Regular expressions are incredibly powerful. They're also an acquired taste, with a steep learning curve. Because of that, the Grok pattern matching system was created.

Grok is a templated regular expression matching engine, made popular in LogStash™. It provides a simple interface to powerful regex pattern matching and extraction. Cribl Stream supports using Grok patterns to extract data via the Grok Function. We're going to use it to extract the filenames involved in our cron entries in our sample data.

Available Grok Patterns

First, let's take a look at the Grok patterns Stream supports.

important
  1. If you're not alreadly there, select Manage from Stream's top nav, then select Processing > Knowledge from the submenu..
  2. Click Grok Patterns in the Knowledge page's left sidebar.
  3. Click the core-patterns row to open its editor modal.
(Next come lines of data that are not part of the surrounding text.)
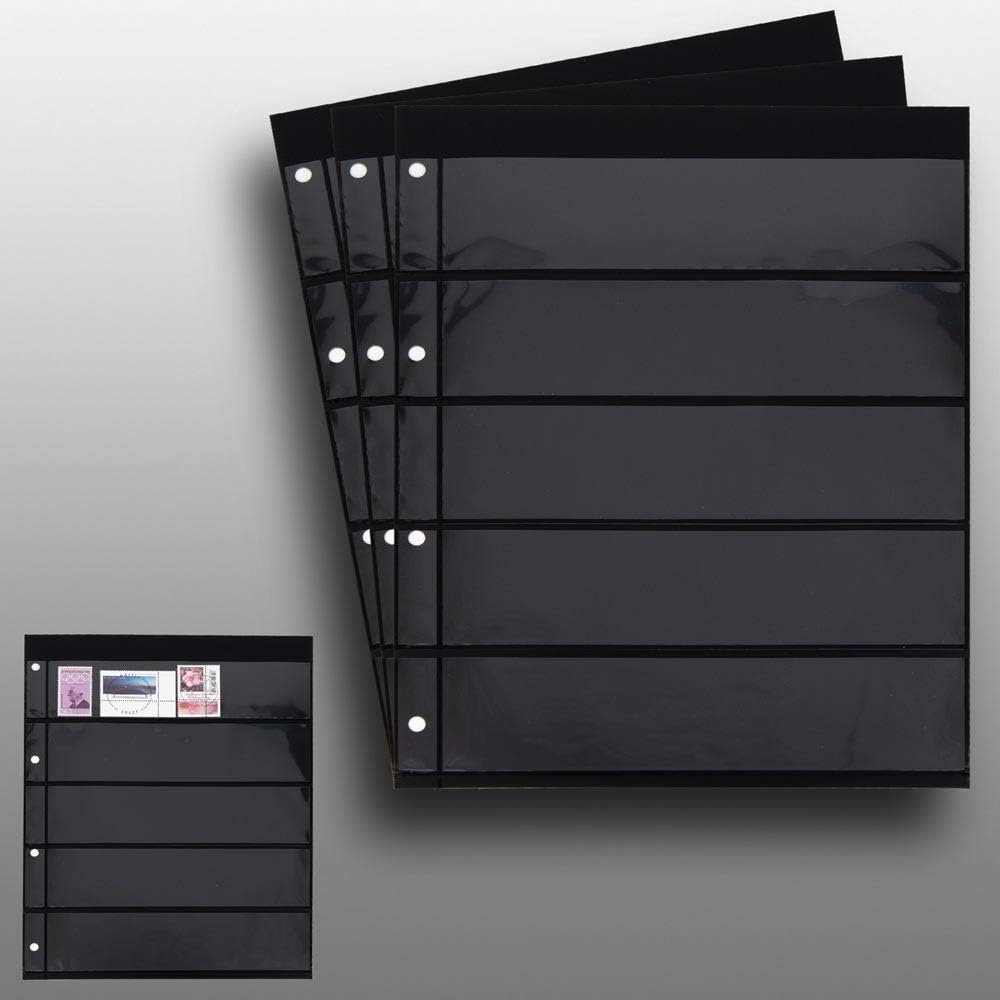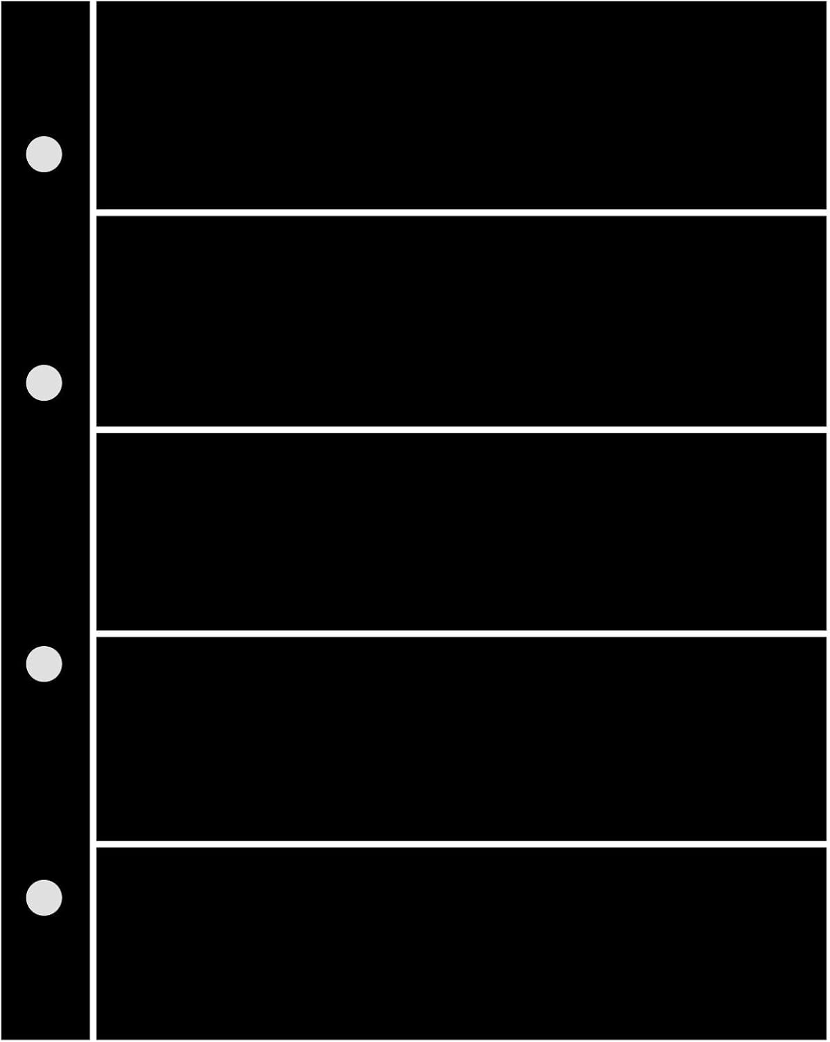 3 fogli di approvazione fronte-retro. Entrambi i lati con 5 tasche trasparenti per libretti, blocco di quattro francobolli e altri francobolli grandi fino a 49 mm di altezza. Pellicola rigida stabile, priva di plastificanti: pellicola di base nera da 0,4 mm (ottimo contrasto con la perforazione del timbro bianco), striscia trasparente da 0,08 mm. Formato A4 quasi standard: 220 x 297 mm. Dimensioni tascabili utili: 195 x 49 mm, apertura verso l'alto. Con 4 fori standard ad anello. Interasse fori 80-80-80 mm. Si adatta a qualsiasi rilegatura ad anelli standard. Sistema di stoccaggio variabile per la raccolta di oggetti di ogni tipo., RLO (unità di vendita): 3 articoli
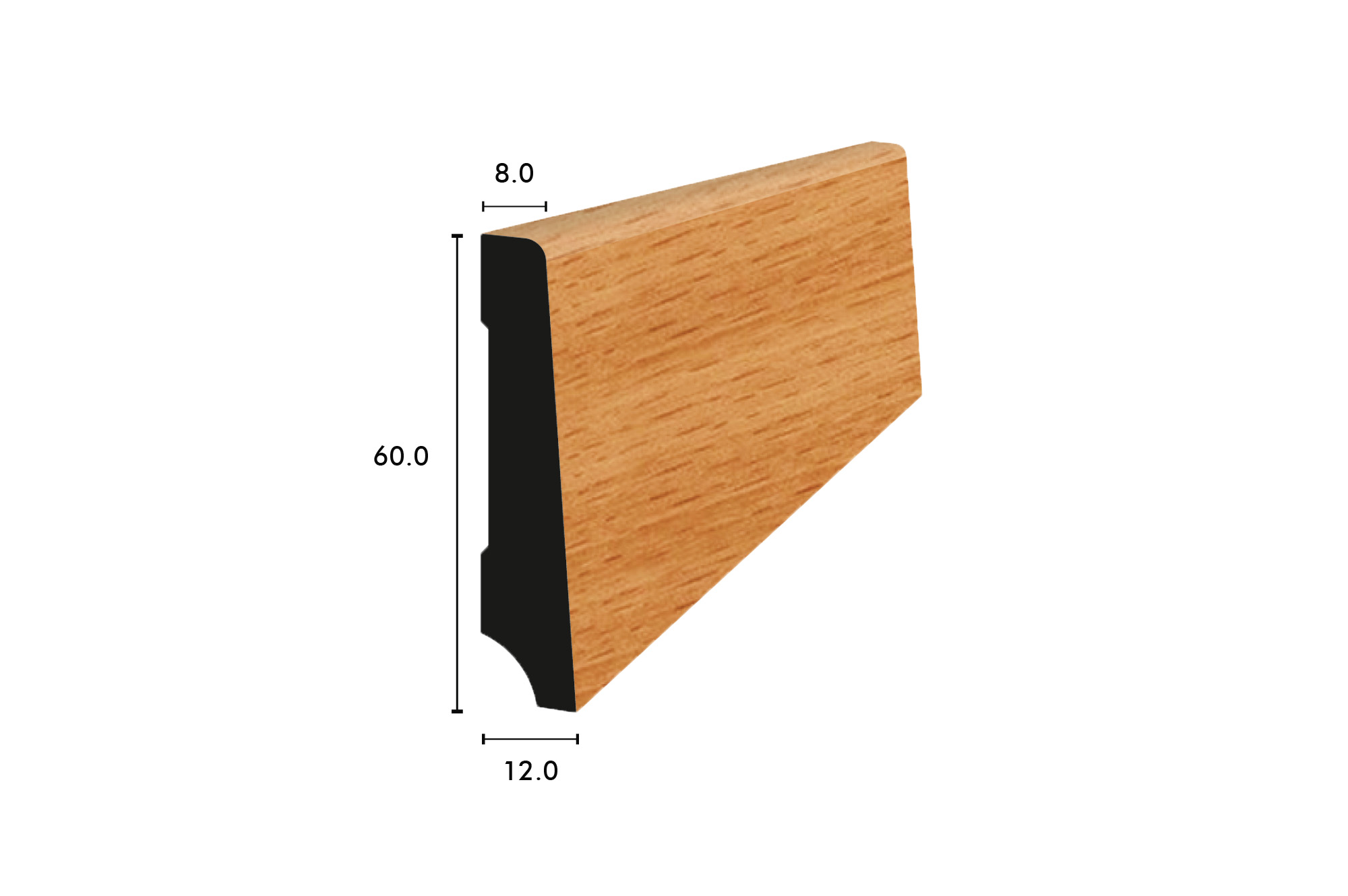 Sockelleisten massiv Buche gedämpft lackiert 60/12/8 mm
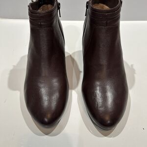 * Naturalizer Brown Leather Wedge Zip Ankle Boots N5 Contour Women's 9.5
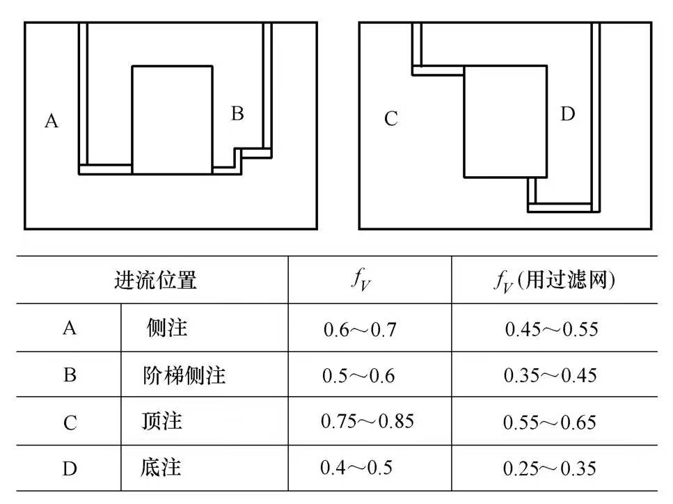 1)根據(jù)進(jìn)流位置和澆注系統(tǒng)結(jié)構(gòu)的不同,速度因數(shù)也不同,具體選擇方式參見(jiàn)圖-5。
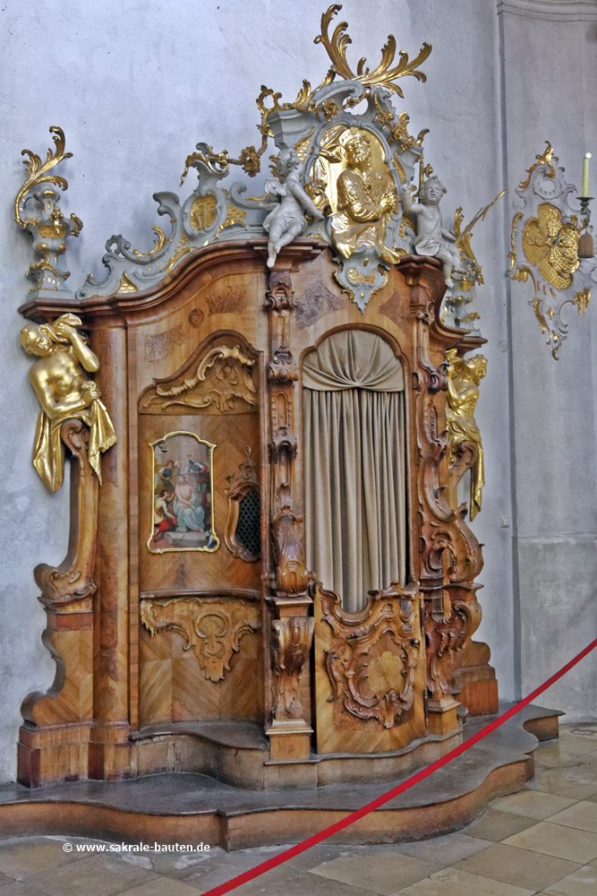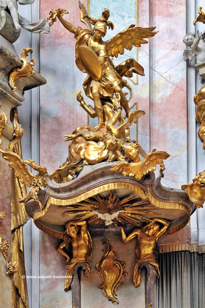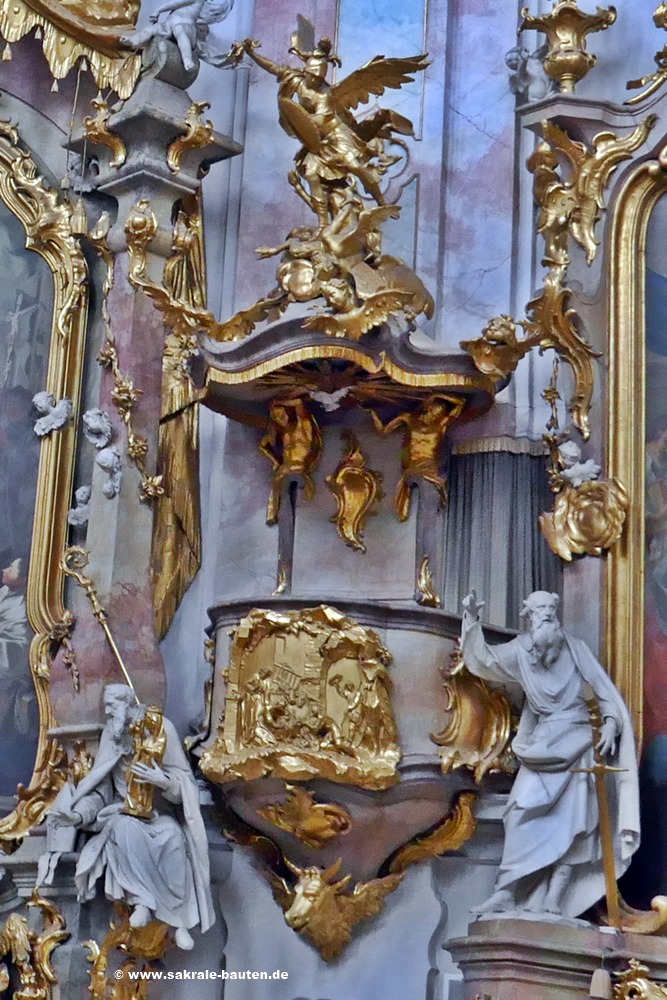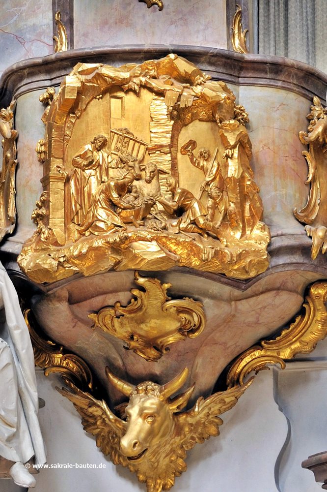 Die Kanzel hängt zwischen den Seitenaltären. Sie wurde 1762 von Johann Baptist Straub errichtet.
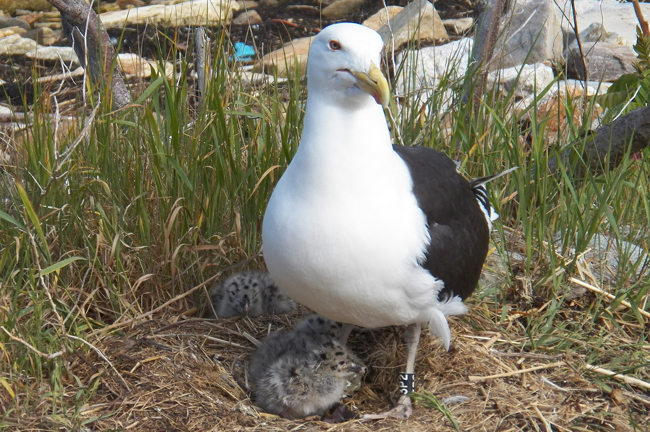 Great Black-backed Gull (Larus marinus) 3P2 adult, May 30 2015, Appledore Island, MA. Picture: Appledore banding team.3P2, banded on Appledore Island, Maine. Visit Appledore's BLOG. The “Gulls of Appledore” banding team is concluding a busy and productive week at Shoals Marine Lab on Appledore Island. Field readable bands were placed on more than 50 gulls, both Herring Gulls and Great-Black-backed Gulls. More than 500 sightings of banded gulls from prior years were recorded on Appledore Insland. Students learned first-hand about field work and the challenge of proper recording, flagging nests, and record keeping. They also learned that catching gulls is hard work requiring patience, care and ingenuity. Student volunteers were from Virginia, Massachusetts, New Hampshire, New York and Maine. |
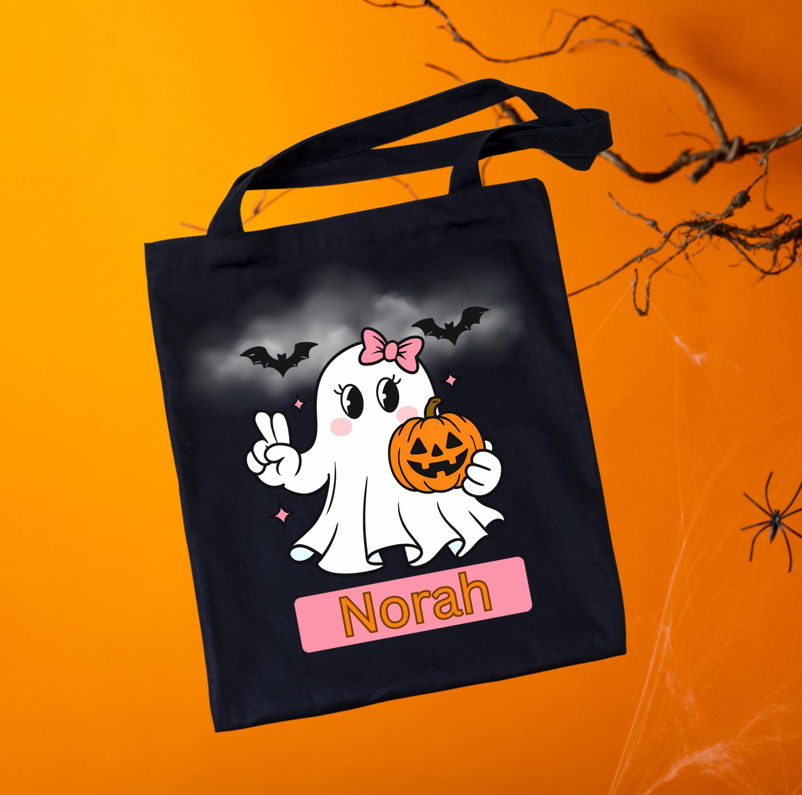 Features: Light weight 6oz canvas tote bag perfect for trick or treating -available in black -size is approx. 14 in x 15 in (plus handle)
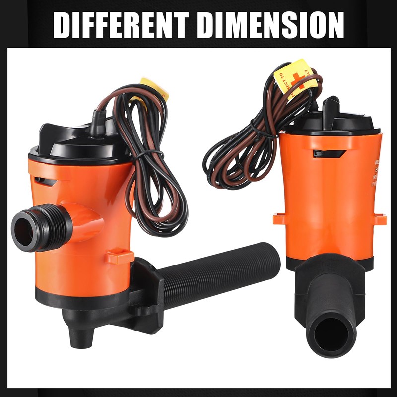 - Safe and Submersible: the livewell pump is fully submersible and is secured with tinned 18-gauge wire; The length of the 90-degree threaded air inlet is 125 mm, including 2 different outlet hose tail configurations, straight and 90 degrees
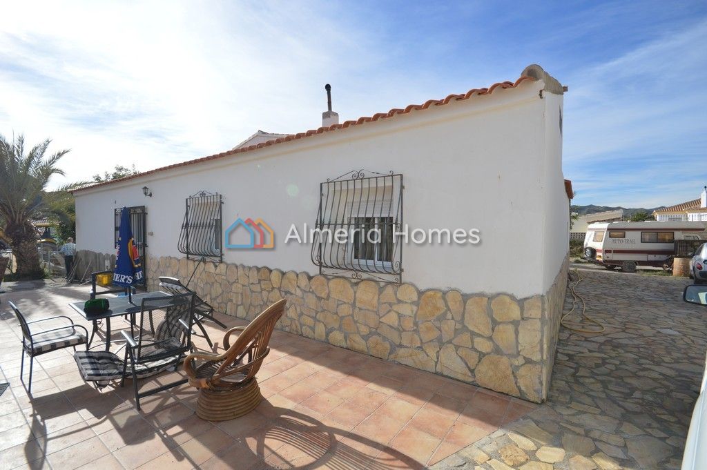 Lovely large property for sale in the Arboleas area which has all amenities for a day to day lifestyle. The property has two separate entrances where the top entrance has a lot of space for parking. A large sunny patio to the front of the villa leads to the main entrance where the front door opens into a modern, open plan kitchen/dining room. A door opens into a spacious living room which includes fireplace with wood burning fire and located near here you will find the family bathroom. A sepa...
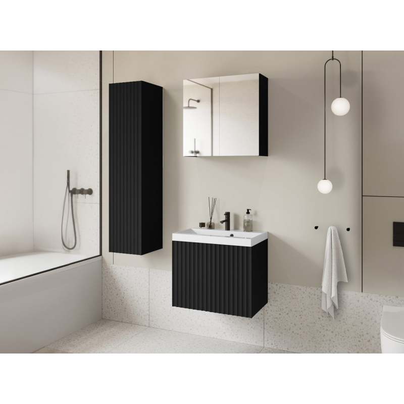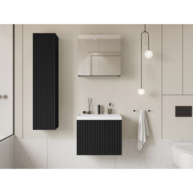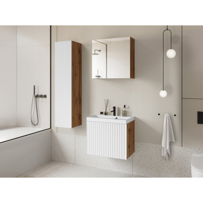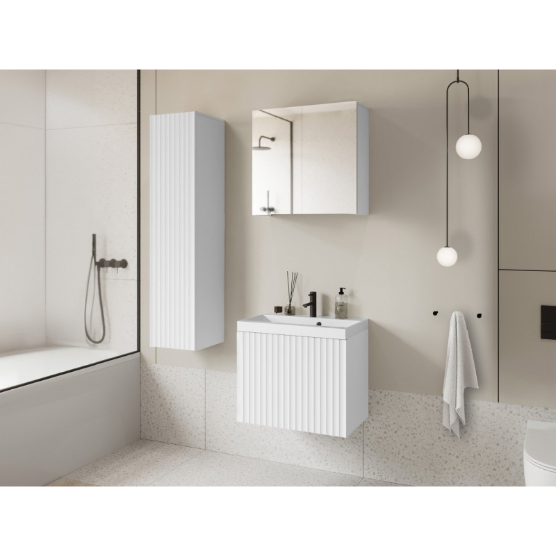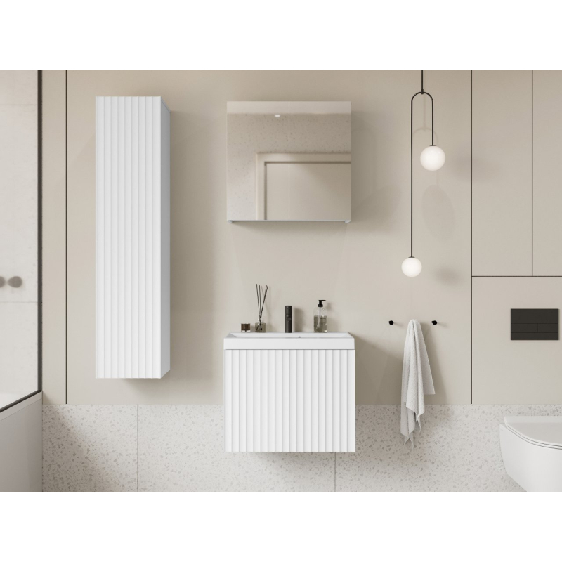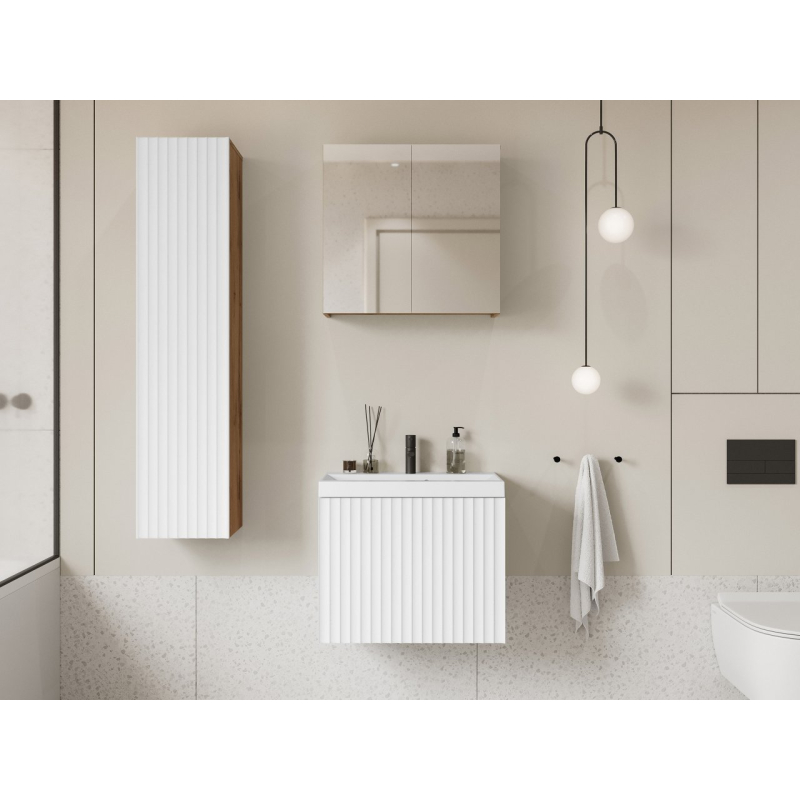 Hledáte elegantní koupelnový nábytek? Koupelnový nábytek Damysos I je spojením moderního designu, kvality a funkčnosti. Nabízejí dostatek místa pro organizaci ručníků, kosmetiky, vlasových doplňků a mnoha dalších věcí. Skvělou možností je zde závěsná skříňka se zrcadlovým čelem. Díky tomu získáte další úložný prostor a praktický dekorativní prvek. Zrcadlo podporuje vaši večerní a ranní péči.

This will bring up the list of Grok patterns in this core-patterns category. For each entry, the first word is the name of the pattern, and the rest of the line is the actual regex it evaluates to.

When we use the Grok Function, we'll specify patterns in the following format: %{<pattern>:<field>}. The Function will search for the <pattern> specified in the source field, and if found, create a new field named <field> with the results.

Take a minute to browse the available patterns; then click X or press Esc to close the editor modal. Additionally, click on other pattern files' rows to see the other Grok patterns that we ship with Stream. (You can also add your own patterns as needed.)

Let's see it in action. We'll use the sample data file named syslog_sample.log, and we'll use the Grok Function to extract filenames out of it.

important
  1. Cancel out of any Edit Grok Patterns modal you still have open.
  2. Select Processing in Stream's top nav, then click Pipelines.
  3. Click to select the extract_starter Pipeline. This opens an empty Pipeline.
  4. In the right Sample Data pane, next to syslog_sample.log, click the Simple preview link.
  5. At left, click Add Function, and search for and select the Grok function (or select it from the Standard Functions section).
  6. In the Pattern field, enter the following:
    %{UNIXPATH:cron_command}
  7. Click Save.

This should extract the command being executed by cron, or at least the first thing that looks like a UNIX file path. This is great for the entries that call a script directly. But it's a little ugly in the case of the run-parts events, because these use a compound shell commmand. So let's change it to extract the whole command, not just a UNIX path.

important
  1. Change the value of the Pattern field to:
    CMD \(%{GREEDYDATA:cron_command}\)
  2. Click Save.

Now, the cron_command field in the right pane should show the entire command that CRON executed. In the Pattern field at left, note how the parentheses before and after the pattern are escaped with \ – this is so that the Function does not include them in the results.